Past experience has clearly demonstrated that when states have temporarily closed their programs, children will fall through the cracks due to rapid disenrollment and significant confusion as families scramble to find alternatives.
A total of 12 states have frozen CHIP at some point, generally because of state budget shortfalls – not a lack of federal funding. When North Carolina froze its CHIP program between January and October 2001, enrollment fell by nearly 30% from about 72,000 to 51,300 when it froze enrollment between January and October 2001. During the 2003-2004 recession when six states capped enrollment, enrollment dropped by an aggregate of 15% with attrition rates ranging from 6 percent in Florida and Maryland to 29% in North Carolina. At the height of Florida’s enrollment freeze, the waitlist grew to 91,000, further adding to the ranks of the uninsured. After Arizona froze its CHIP program in December 2009, enrollment fell by more than 60% from about 46,900 to 17,600 by July 2011. A few things are clear:
- Freezes are detrimental to the health of children enrolled in CHIP and puts financial stress on families who lack access to affordable private insurance.
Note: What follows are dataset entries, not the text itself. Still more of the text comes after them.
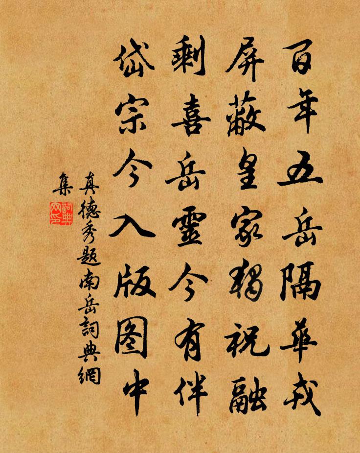 詩詞名句歷史字典書法欣賞書法字典國語詞典說文解字康熙字典古漢語字典標 題 作 者 詩 句 題南嶽作者:真德秀 朝代:宋代題南嶽原文百年五嶽隔華戎,禁止皇家獨祝融。剩喜岳靈今有伴,岱宗今入版圖中。詩詞問答問:題南嶽的作者是誰?答:真德秀問:題南嶽寫於哪個朝代?答:宋代真德秀題南嶽書法欣賞題南嶽書法作品詩詞推薦翠微堂李處權〔宋代〕我讀醉翁文,想當筆如椽。東坡獨知翁,謂今為飛仙。偉明後來秀,文亦星斗懸。一旦辭世紛,歸巢月輪邊。大雅安居瀕江小藍留三小詩李新〔宋代〕江乾平日重回首,樓閣參差自飽秋。世事從來錯經意,一生幾誤轉船頭。已酉年九月自滇歸閩,同人贈言惜別,途中林則徐〔清代〕黃金時節別且蘭,為感與情忍涕難。程緩不勞催馬足,裝輕未肯累豬肝。膏盲或起生猶幸,寵辱皆忘臥亦安。獨有雪中聞牆外鬻魚菜者求售之聲甚苦有感范成大〔宋代〕飯籮驅出敢偷閒,雪脛冰須慣忍寒;豈是不能扃戶坐?忍寒猶可忍飢難!擬古張九成〔宋代〕夜月冷如冰,朝霞燦成綺。借問孰為之,大化自然爾。斲月為酒壺,裁霞為寐被。酣眠九天上,此意誰能解。要與寄翰林陸學士貫休〔唐代〕顏冉商參甲,鸞凰密勿才。簾垂仙鳥下,吟次聖人來。寶輦千官捧,宮花九色開。何時重一見,為我話蓬萊。題鑒止軒陳棣〔宋代〕安身南北皆吾里,勿較使行兼尼止。心猶泥絮吹不起,豈有顏甲生微泚。方塘淨綠含真理,與我娛嬉聊爾爾。佳處武陵春佚名〔宋代〕七返還丹人怎曉,曉後有何難。夜靜存神向內觀。神水滿泥丸。搬運金精無夜晝,呼吸不會閒。功行成時出世寰。過勤政樓杜牧〔唐代〕千秋令節名空在,承露絲囊世已無。唯有紫苔偏得意,年年因雨上金鋪。惜別詩宋白〔宋代〕年來又惜別清塵,故國榮過喜風新。竹葉莫辭千日酒,梅花惟寄一枝春。苦心曾未拋黃卷,得路終期近紫宸。不待孫武汪韶〔宋代〕為憂玩色墮軍實,故假陳兵去二姬。卻恨此機深莫悟,後人不諫受西施。侍始安王石頭城詩江淹〔南北朝〕緒官承盛世。逢恩侍英王。結劍從深景。撫袖逐曾光。暮情郁無已。流望在川陽。平原忽超遠。參差見南湘。何如題慈谿張氏坐化頌樓鑰〔宋代〕苦是自苦,有誰縛汝。礙是自礙,非身為害。既知一物本來無,何待行時方自在。妾薄命呈文山道人汪元量〔宋代〕妾初未嫁時,晨夕深閨中。年當十五餘,顏色如花紅。千里遠結婚,出門山重重。與君盛容飾,一笑開芙蓉。君不偈頌七十八首釋正覺〔宋代〕借婆裙子拜婆年,買盡風光不著錢。劈面來時莫迴避,個人里許有生緣。臨江仙 壽張都運父王旭〔元代〕瑞氣充閭朝不散,歡聲浮動庭槐。九天邀下壽星來。歌翻白雲調,酒泛紫霞杯。八十康韁誰得似,仙風擺落塵埃。答趙景猷曹攄〔魏晉〕守真良難。知德者鮮。歸不悶時。樂在為善。陟彼彌高。流川日遠。無憂不至。敦爾攸踐。和何元清韻九絕王炎〔宋代〕覓官安用羨登仙,求富何須願執鞭。洙泗從游多達者,簞瓢顏子獨稱賢。跋衡山曾尉持示秀溪翰墨李曾伯〔宋代〕故人木已拱,妙墨尚春溫。三復家庭語,一如樽酒論。竹林毋負籍,蘭砌要追元。寶此猶圭璧,流芳在後昆。滿庭芳王以寧〔宋代〕山聳方壺,潮通碧海,江東自昔名家。玉真仙子,璫佩粲朝霞。一種天香勝味,笑楊梅、不數枇杷。難模寫,牟尼名句推薦林外鳴鳩春雨歇,屋頭初日杏花繁。歐陽修《田家》 人棄我取,人取我與。司馬遷《史記·貨殖列傳》 大道如青天,我獨不得出。李白《行路難三首》 焦首朝朝還暮暮,煎心日日復年年。曹雪芹《紅樓夢·第二十二回》 莎衫筠笠。正是村村農務急。盧炳《減字木蘭花·莎衫筠笠》 佳人獨立相思苦。薄袖欺寒脩竹暮。劉鎮《玉樓春·東山探梅》 臨水整烏紗。兩鬢蒼華。故鄉心事在天涯。吳琚《浪淘沙·岸柳可藏鴉》 喜遇重陽,更佳釀今朝新熟。宋江《滿江紅·喜遇重陽》 白雲回望合,青靄入看無。王維《終南山》 田田初出水,菡萏念嬌蕊。龔翔麟《菩薩蠻·題畫》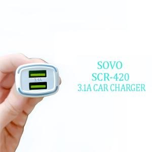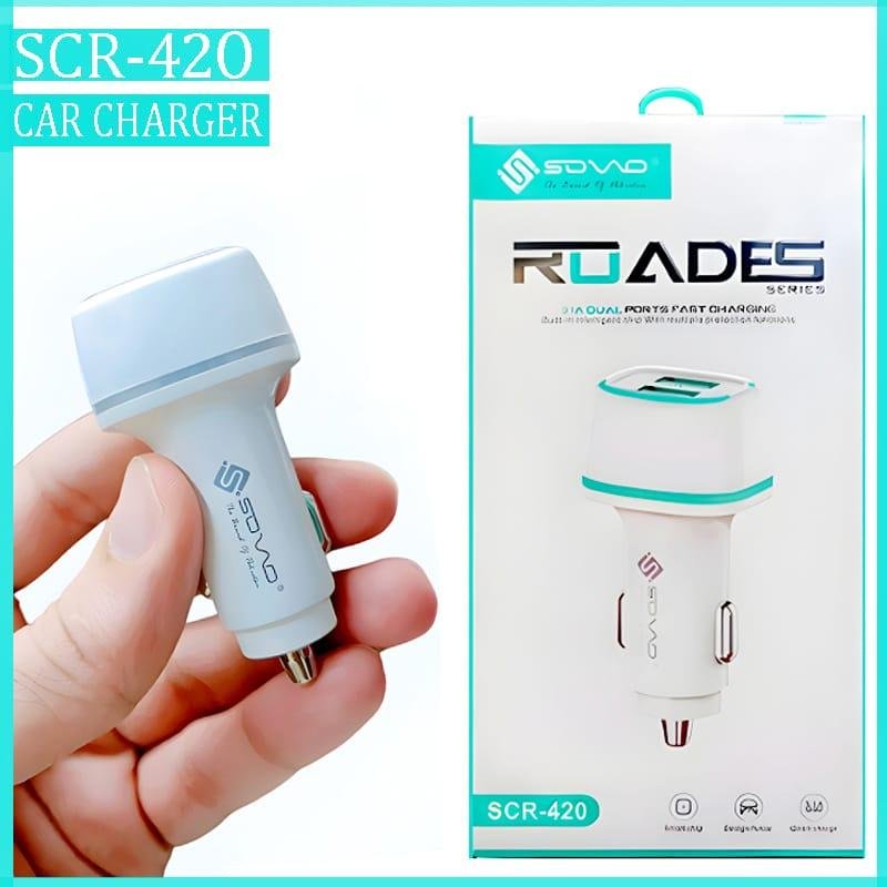 SOVO SCR-420 ROADES Dual-Port 3.1A Fast Car Charger – Includes Charging Cable (Type-C, Lightning, or Micro) – 2026 Road-Master Edition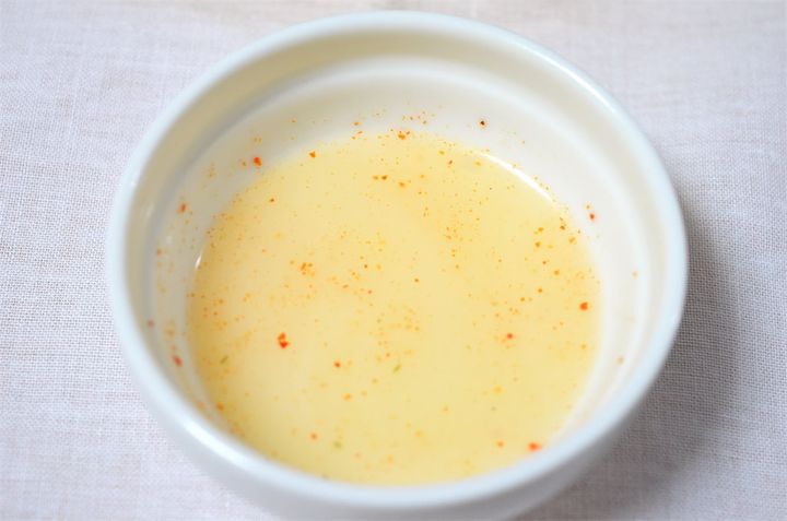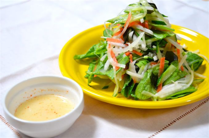 これが噂のマヨネーズとお酢で作ったドレッシング…。確かに、マヨネーズは入っているものの、見た目には油っぽくないですね。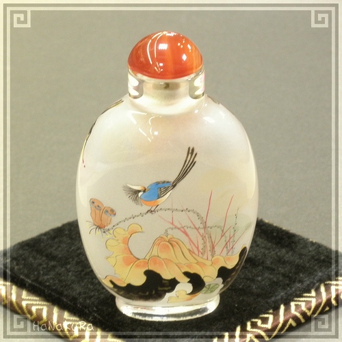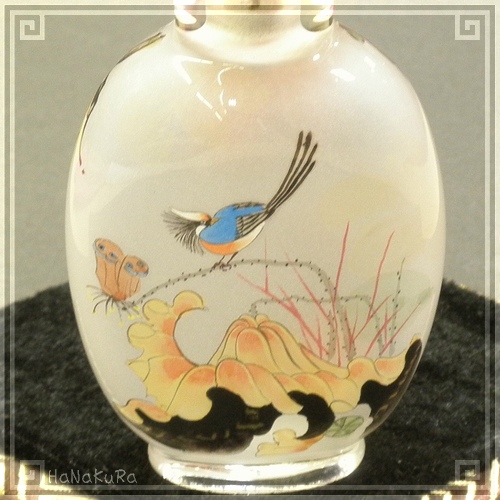 鼻煙壷 鼻煙香 44 ジョウビタキとアオカケス 内側から手描き 工芸品 鼻煙壺 内絵 ガラス瓶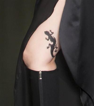 劇中衣装の真矢ミキは美脚に記した黒蜥蜴マークを披露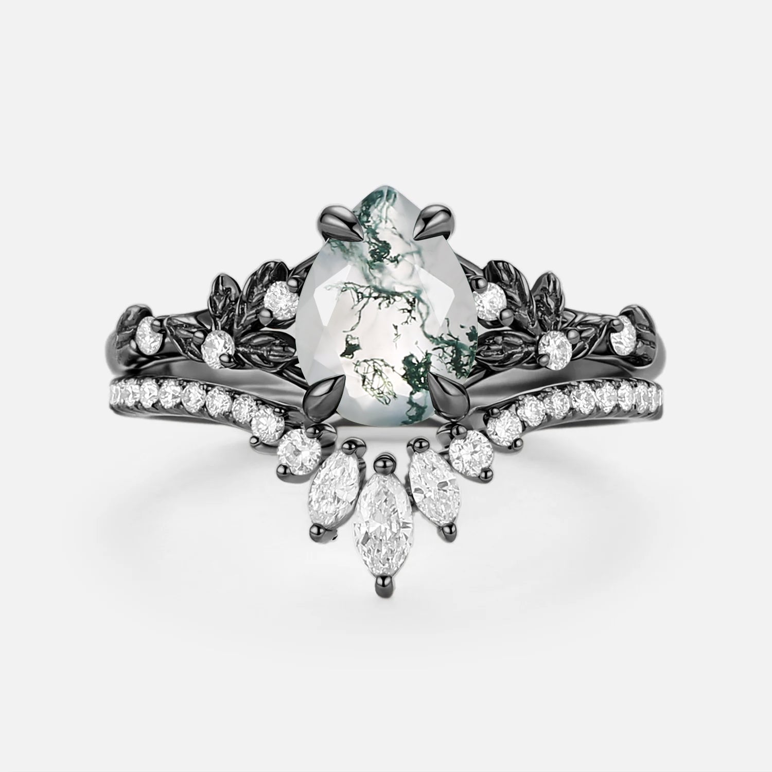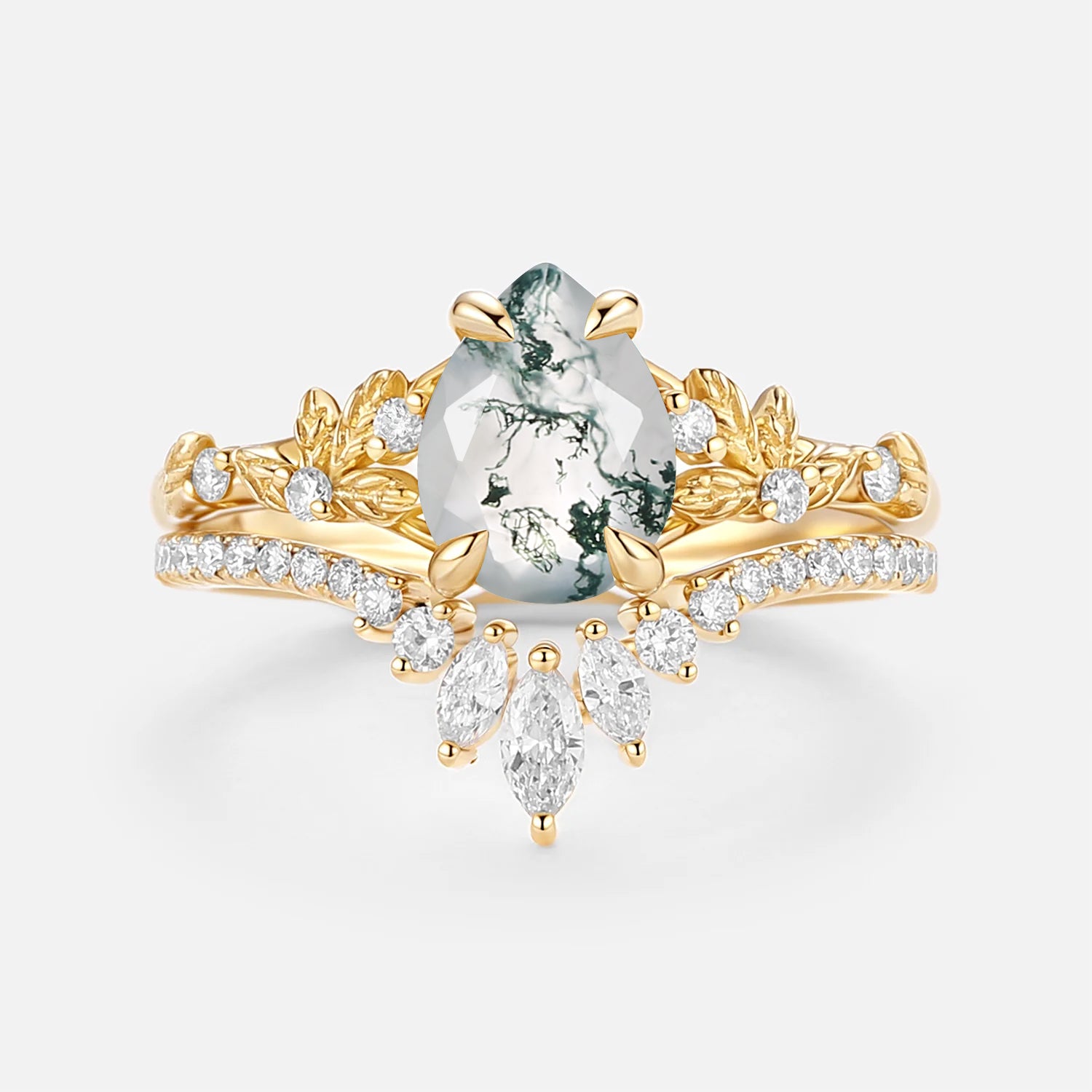 Pear Cut Leafy Moss Agate Engagement Ring Set 2pcs - Kestrel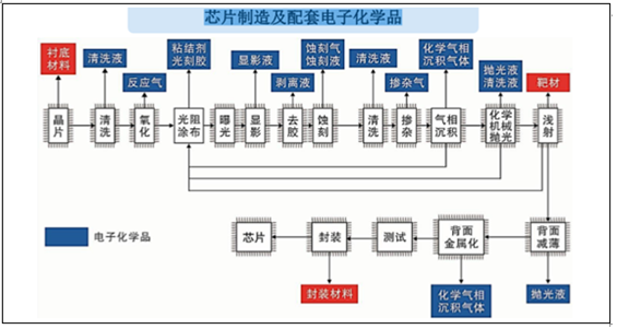 在完整的半導(dǎo)體生產(chǎn)工藝中,電子化學(xué)品使用頻率高且涉及的品種很多,以集 成電路為例,從硅片作為襯底開始,一直到形成芯片,幾乎每步工序都需要電 子化學(xué)品 包括清洗液、反應(yīng)氣、粘結(jié)膠、光刻膠、顯影液、剝離液、蝕刻氣、蝕刻液、 清洗液、摻雜氣、化學(xué)氣相沉積氣體、拋光液清洗液、靶材、拋光液、化學(xué)氣 相沉積氣體、封裝材料等。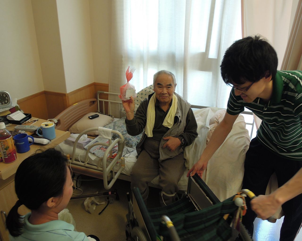 2012.05.16 喜寿のお祝い~☆ 先日、お誕生日を迎えたH氏。待ちに待ったプレゼントの時計が届いたので早速お届けすることに~なんとH氏、今年で喜寿なのです!めでたいですねー嬉しそうにされるのでこちらも嬉しいですするとお隣のU氏がお祝いに!H氏とU氏はいつも一緒に一階の喫茶室に行くほど仲良しさん賑やかな感じです!するとU氏が「もっと下から撮ってや~。足なごぉ見えるやろー」とのことw残念ながら足は写りませんでしたが普段と違うアングルで撮ってみましたHさん、これからも元気でいてくださいね 投稿者:大野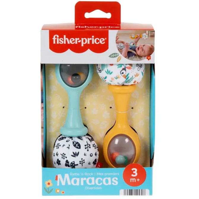 Las Maracas diversión y música de Fisher-Price tienen el tamaño perfecto para las manitas pequeñas de tu bebé, ¡que podrá moverlas y agitarlas para que empiece la fiesta! Los pompones de las maracas son de tela suave y tienen un diseño muy llamativo, además de cuentas de colores que hacen sonidos divertidos al agitarlas. ¡Tu bebé no parará de agitar y mover a su ritmo estas maracas tan divertidas! Los colores tan llamativos, las texturas y los sonidos de las maracas estimulan al bebé y fomentan el desarrollo de sus sentidos, al mismo tiempo que el movimiento de agitar y mover fortalece su motricidad gruesa.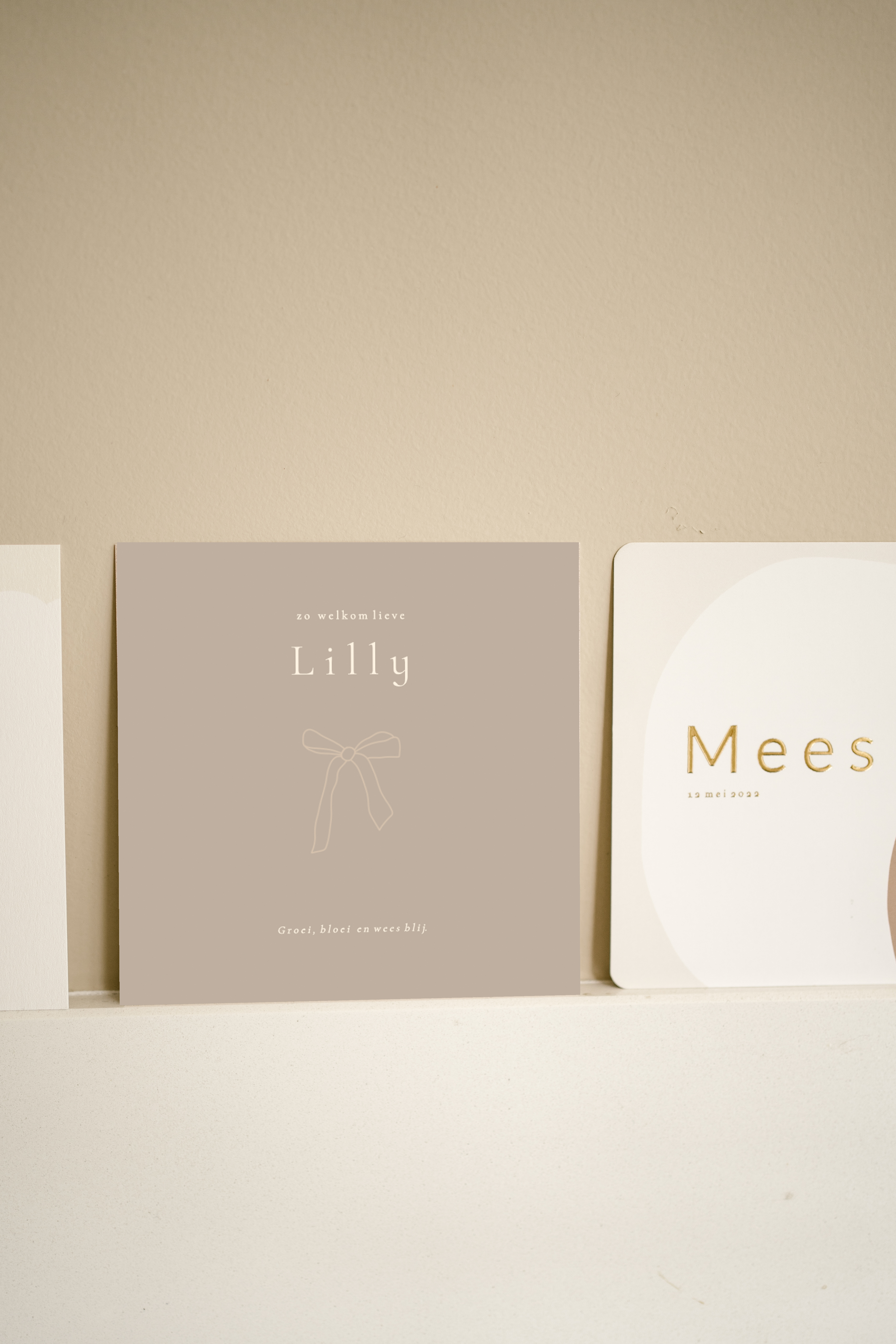 Een mooi minimalistische geboortekaartje met een lijntekening van een strik. Achtergrond kleur en tekst kleuren kunnen gewijzigd worden.

- Freezes put additional stress on the health care safety net and perpetuate cost-shifting as families have no alternative but to seek care in emergency rooms and may be unable to pay those bills.
- Even without freezes yet in effect, press coverage on the lack of Congressional action on CHIP may already be having a chilling effect on CHIP by discouraging families from applying or renewing coverage.
History is clear; enrollment freezes in CHIP do harm. Congress, which has continually expressed its bipartisan support for CHIP, doesn’t seem to understand how close we are to seeing children in Arizona left out in the cold once again. If the lapse in federal funding forces states to close their CHIP programs, even temporarily, it could unravel years of success in covering more than 95 percent of the nation’s children.